(Records from a data collection)
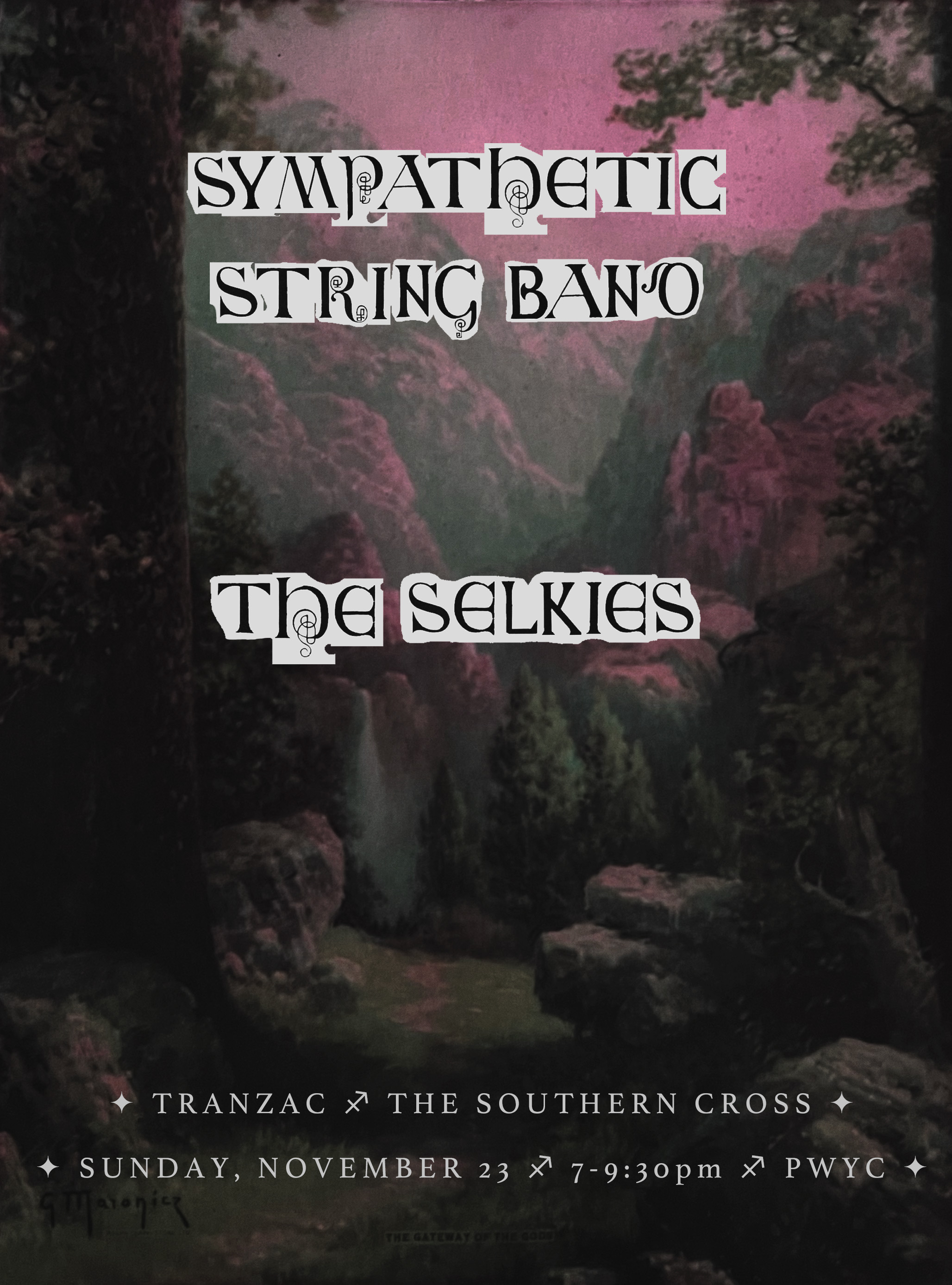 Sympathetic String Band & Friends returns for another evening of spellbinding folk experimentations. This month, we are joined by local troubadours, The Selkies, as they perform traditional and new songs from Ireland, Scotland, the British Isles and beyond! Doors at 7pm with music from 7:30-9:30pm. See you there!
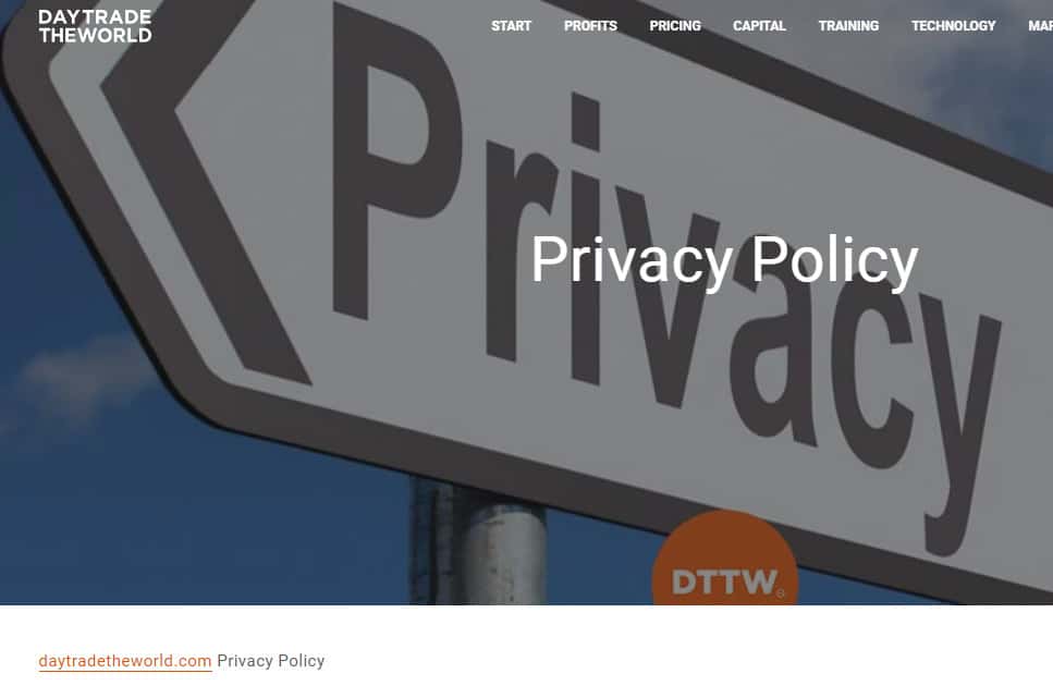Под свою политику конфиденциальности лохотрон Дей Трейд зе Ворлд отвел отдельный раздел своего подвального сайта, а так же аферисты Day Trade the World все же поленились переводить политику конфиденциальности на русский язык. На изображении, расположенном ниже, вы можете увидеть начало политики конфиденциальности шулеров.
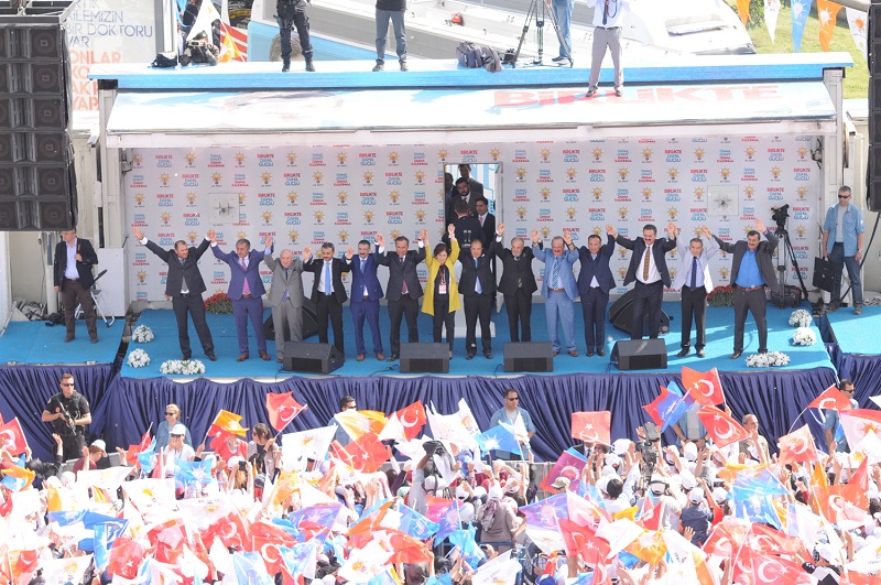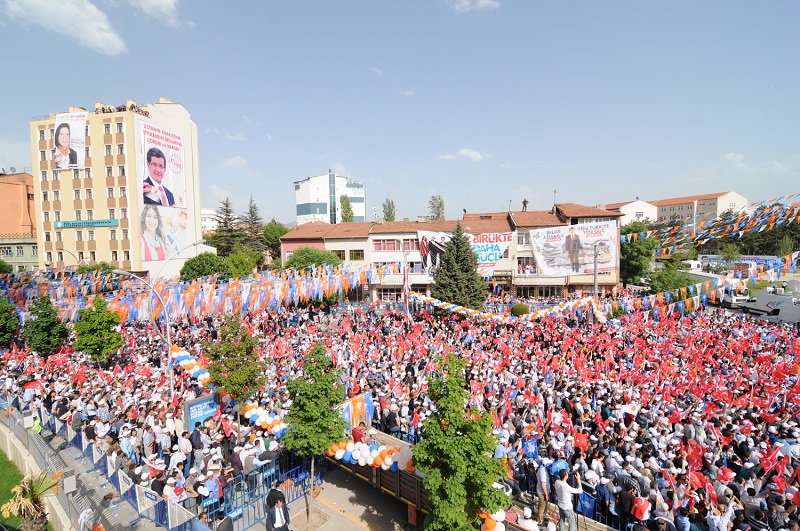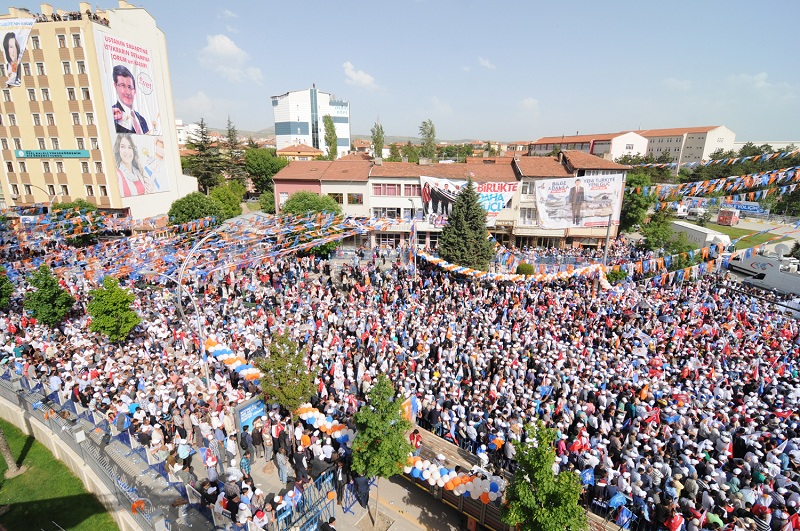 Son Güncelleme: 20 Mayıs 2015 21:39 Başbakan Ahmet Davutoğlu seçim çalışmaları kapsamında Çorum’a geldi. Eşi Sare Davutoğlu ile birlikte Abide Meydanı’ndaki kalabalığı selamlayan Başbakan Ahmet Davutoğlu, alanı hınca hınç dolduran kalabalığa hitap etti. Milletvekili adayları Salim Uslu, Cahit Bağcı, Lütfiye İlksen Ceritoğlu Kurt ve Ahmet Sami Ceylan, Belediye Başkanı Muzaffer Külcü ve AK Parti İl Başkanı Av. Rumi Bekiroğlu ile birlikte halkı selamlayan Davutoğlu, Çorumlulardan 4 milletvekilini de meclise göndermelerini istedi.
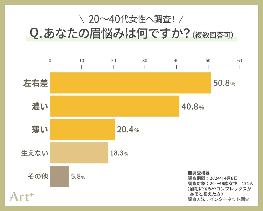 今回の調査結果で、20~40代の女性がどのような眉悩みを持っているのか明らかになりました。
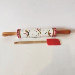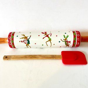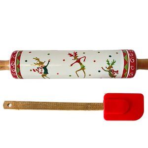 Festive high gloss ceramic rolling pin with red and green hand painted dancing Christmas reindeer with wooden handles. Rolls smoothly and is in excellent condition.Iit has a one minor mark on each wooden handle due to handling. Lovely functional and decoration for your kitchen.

--

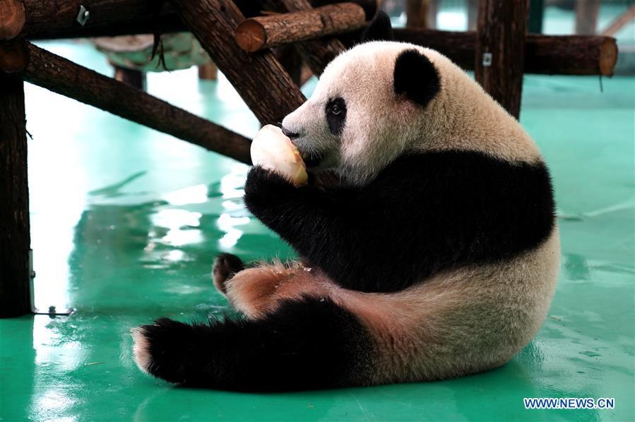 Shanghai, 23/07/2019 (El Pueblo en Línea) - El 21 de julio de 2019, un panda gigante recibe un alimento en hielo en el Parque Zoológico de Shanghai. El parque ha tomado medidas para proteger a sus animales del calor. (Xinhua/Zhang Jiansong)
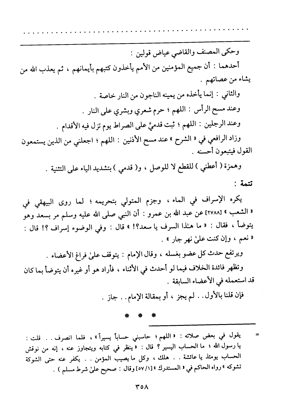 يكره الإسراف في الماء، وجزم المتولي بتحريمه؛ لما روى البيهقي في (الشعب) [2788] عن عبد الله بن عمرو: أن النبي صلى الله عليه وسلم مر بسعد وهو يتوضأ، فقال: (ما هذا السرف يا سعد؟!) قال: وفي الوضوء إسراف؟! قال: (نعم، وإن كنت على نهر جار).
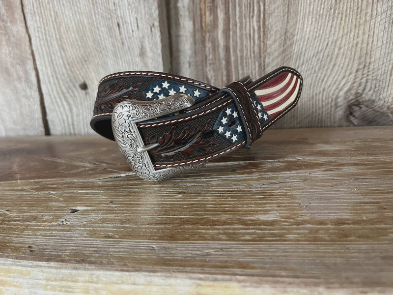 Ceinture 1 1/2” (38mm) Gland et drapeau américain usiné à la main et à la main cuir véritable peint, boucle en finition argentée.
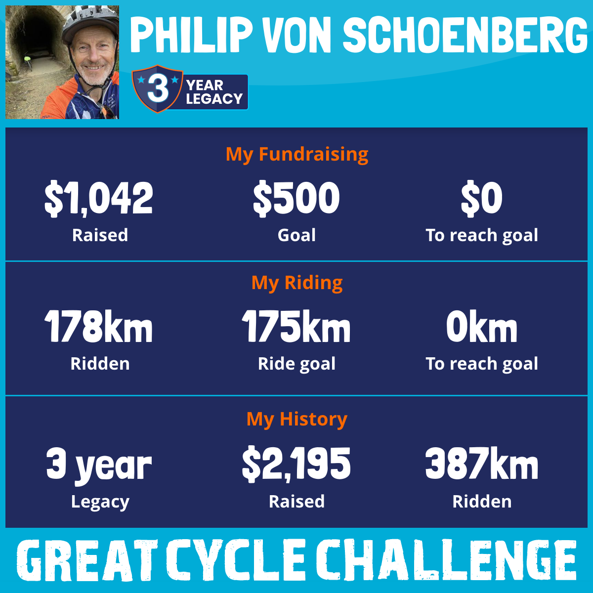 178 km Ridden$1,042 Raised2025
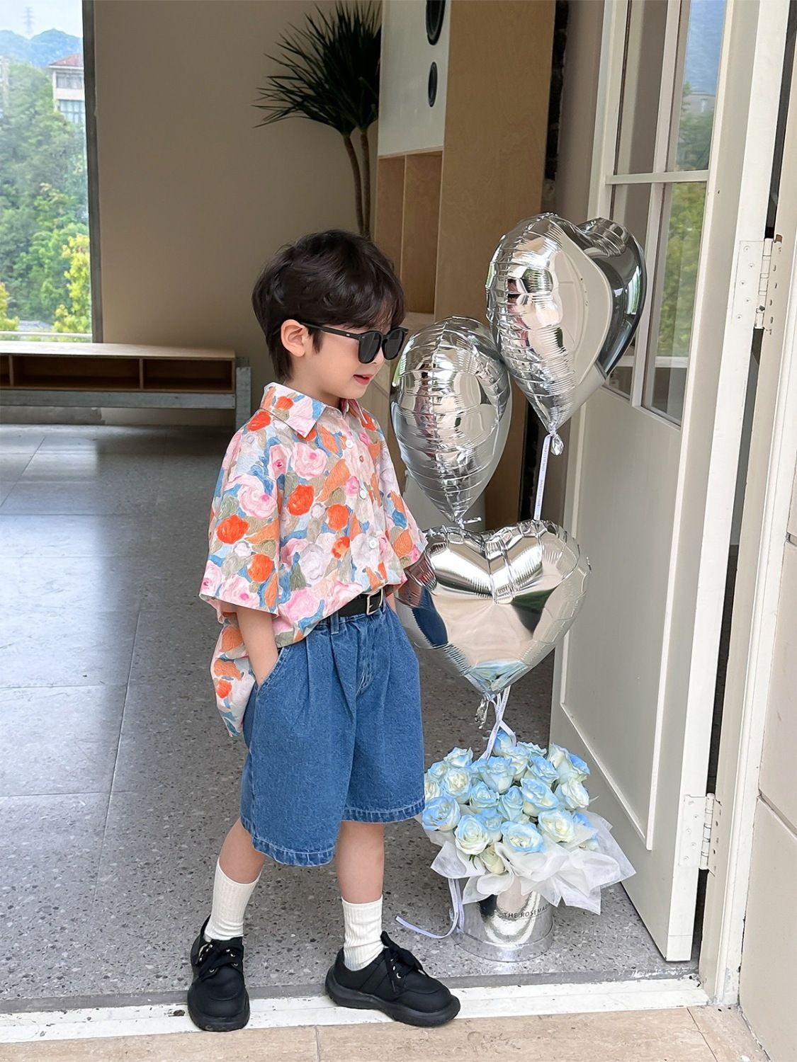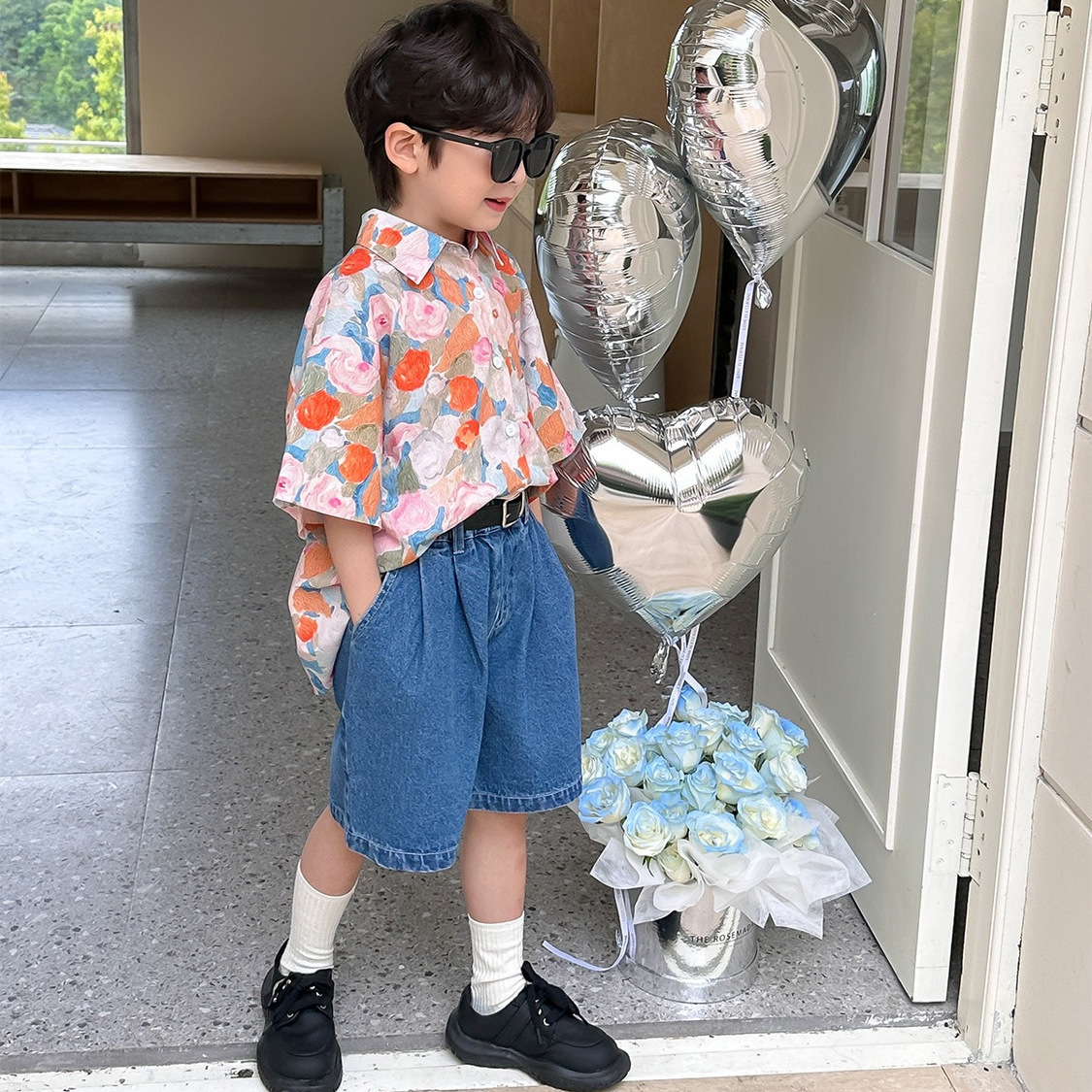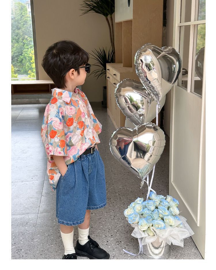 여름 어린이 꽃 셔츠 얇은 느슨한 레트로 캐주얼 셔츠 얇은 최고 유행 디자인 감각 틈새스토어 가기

◆ **PROBLEM DETAILS**: With the pictures left out, write out exactly the lines above from the one containing "Son Güncelleme: 20" through the one containing "Festive high gloss".

◆ **FINISHED EXERCISE**:
 Son Güncelleme: 20 Mayıs 2015 21:39 Başbakan Ahmet Davutoğlu seçim çalışmaları kapsamında Çorum’a geldi. Eşi Sare Davutoğlu ile birlikte Abide Meydanı’ndaki kalabalığı selamlayan Başbakan Ahmet Davutoğlu, alanı hınca hınç dolduran kalabalığa hitap etti. Milletvekili adayları Salim Uslu, Cahit Bağcı, Lütfiye İlksen Ceritoğlu Kurt ve Ahmet Sami Ceylan, Belediye Başkanı Muzaffer Külcü ve AK Parti İl Başkanı Av. Rumi Bekiroğlu ile birlikte halkı selamlayan Davutoğlu, Çorumlulardan 4 milletvekilini de meclise göndermelerini istedi.
 今回の調査結果で、20~40代の女性がどのような眉悩みを持っているのか明らかになりました。
 Festive high gloss ceramic rolling pin with red and green hand painted dancing Christmas reindeer with wooden handles. Rolls smoothly and is in excellent condition.Iit has a one minor mark on each wooden handle due to handling. Lovely functional and decoration for your kitchen.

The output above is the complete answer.